> [Exercise details] For the entries that follow, restate word for word the line containing "La federació nacionalista", the line containing "Selling a black", and every line that lies between them.

> [Data to process]
= Beginning of Section =
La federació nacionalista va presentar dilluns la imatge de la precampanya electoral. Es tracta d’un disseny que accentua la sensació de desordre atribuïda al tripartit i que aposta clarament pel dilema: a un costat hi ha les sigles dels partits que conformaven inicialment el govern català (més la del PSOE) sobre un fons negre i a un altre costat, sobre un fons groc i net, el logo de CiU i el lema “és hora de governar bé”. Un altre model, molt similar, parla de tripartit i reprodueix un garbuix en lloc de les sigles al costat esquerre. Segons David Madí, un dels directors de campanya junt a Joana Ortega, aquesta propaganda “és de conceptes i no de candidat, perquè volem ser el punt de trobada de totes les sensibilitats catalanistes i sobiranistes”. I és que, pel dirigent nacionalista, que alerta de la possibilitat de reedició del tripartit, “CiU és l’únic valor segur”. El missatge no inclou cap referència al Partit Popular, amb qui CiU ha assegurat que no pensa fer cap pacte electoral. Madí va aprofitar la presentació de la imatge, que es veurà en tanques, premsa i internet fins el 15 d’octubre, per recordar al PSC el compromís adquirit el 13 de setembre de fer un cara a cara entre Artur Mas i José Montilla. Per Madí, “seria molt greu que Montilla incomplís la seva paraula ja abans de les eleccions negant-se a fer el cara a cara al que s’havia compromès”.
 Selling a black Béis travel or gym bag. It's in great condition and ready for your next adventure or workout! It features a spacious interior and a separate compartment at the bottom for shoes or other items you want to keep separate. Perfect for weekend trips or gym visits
= End of Section =
= Beginning of Section =
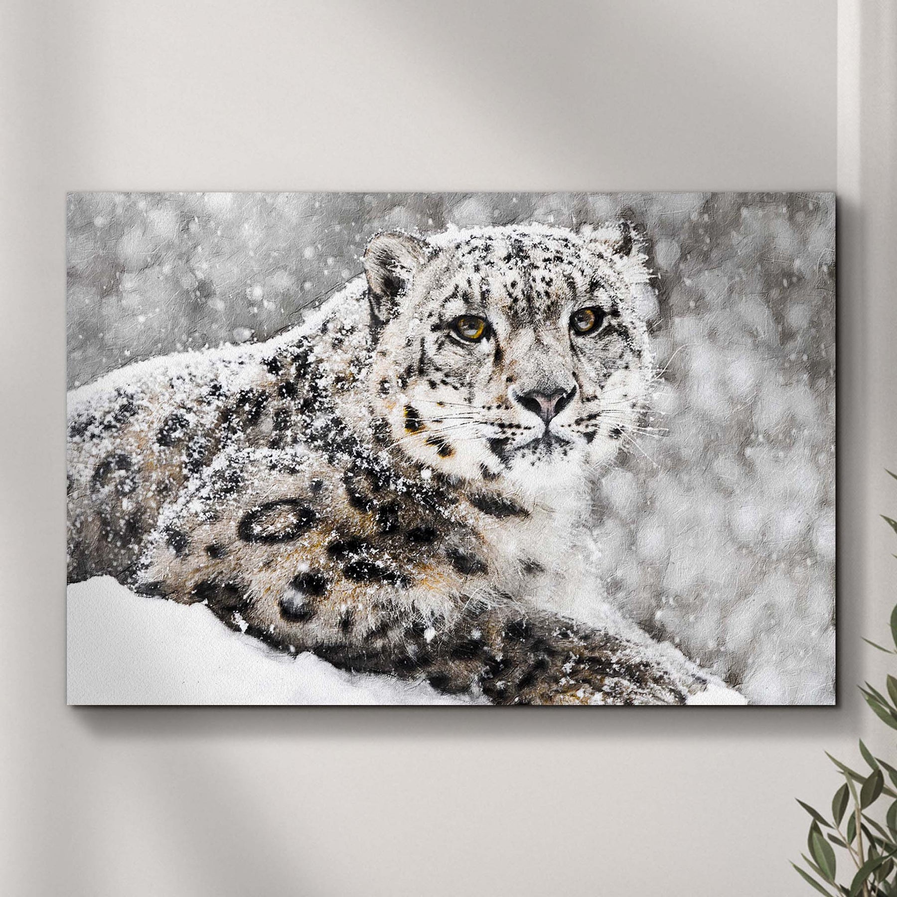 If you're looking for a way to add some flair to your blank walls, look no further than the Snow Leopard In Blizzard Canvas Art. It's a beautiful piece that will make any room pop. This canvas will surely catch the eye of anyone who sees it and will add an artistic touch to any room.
= End of Section =
= Beginning of Section =
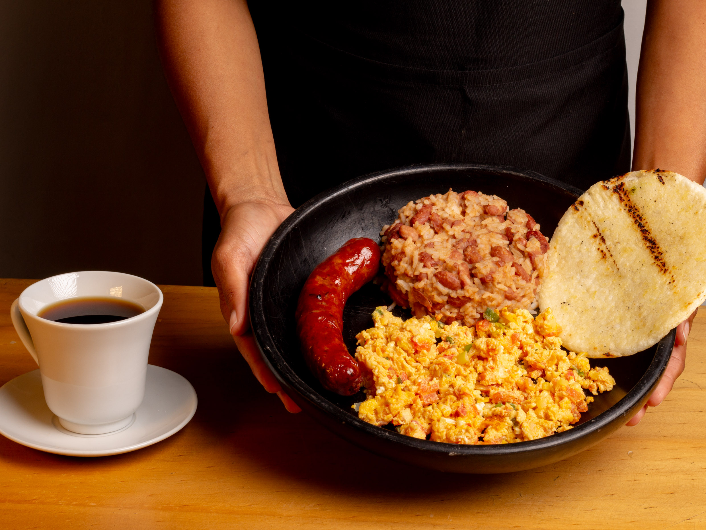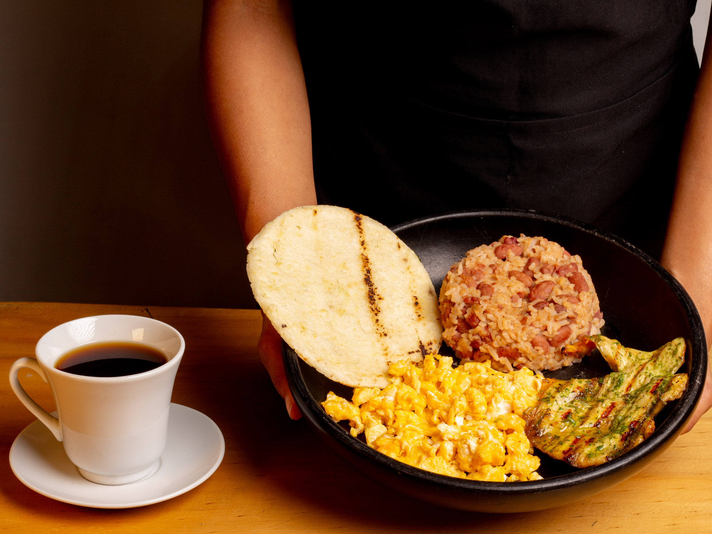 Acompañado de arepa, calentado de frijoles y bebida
= End of Section =
> [Output for this task]
La federació nacionalista va presentar dilluns la imatge de la precampanya electoral. Es tracta d’un disseny que accentua la sensació de desordre atribuïda al tripartit i que aposta clarament pel dilema: a un costat hi ha les sigles dels partits que conformaven inicialment el govern català (més la del PSOE) sobre un fons negre i a un altre costat, sobre un fons groc i net, el logo de CiU i el lema “és hora de governar bé”. Un altre model, molt similar, parla de tripartit i reprodueix un garbuix en lloc de les sigles al costat esquerre. Segons David Madí, un dels directors de campanya junt a Joana Ortega, aquesta propaganda “és de conceptes i no de candidat, perquè volem ser el punt de trobada de totes les sensibilitats catalanistes i sobiranistes”. I és que, pel dirigent nacionalista, que alerta de la possibilitat de reedició del tripartit, “CiU és l’únic valor segur”. El missatge no inclou cap referència al Partit Popular, amb qui CiU ha assegurat que no pensa fer cap pacte electoral. Madí va aprofitar la presentació de la imatge, que es veurà en tanques, premsa i internet fins el 15 d’octubre, per recordar al PSC el compromís adquirit el 13 de setembre de fer un cara a cara entre Artur Mas i José Montilla. Per Madí, “seria molt greu que Montilla incomplís la seva paraula ja abans de les eleccions negant-se a fer el cara a cara al que s’havia compromès”.
 Selling a black Béis travel or gym bag. It's in great condition and ready for your next adventure or workout! It features a spacious interior and a separate compartment at the bottom for shoes or other items you want to keep separate. Perfect for weekend trips or gym visits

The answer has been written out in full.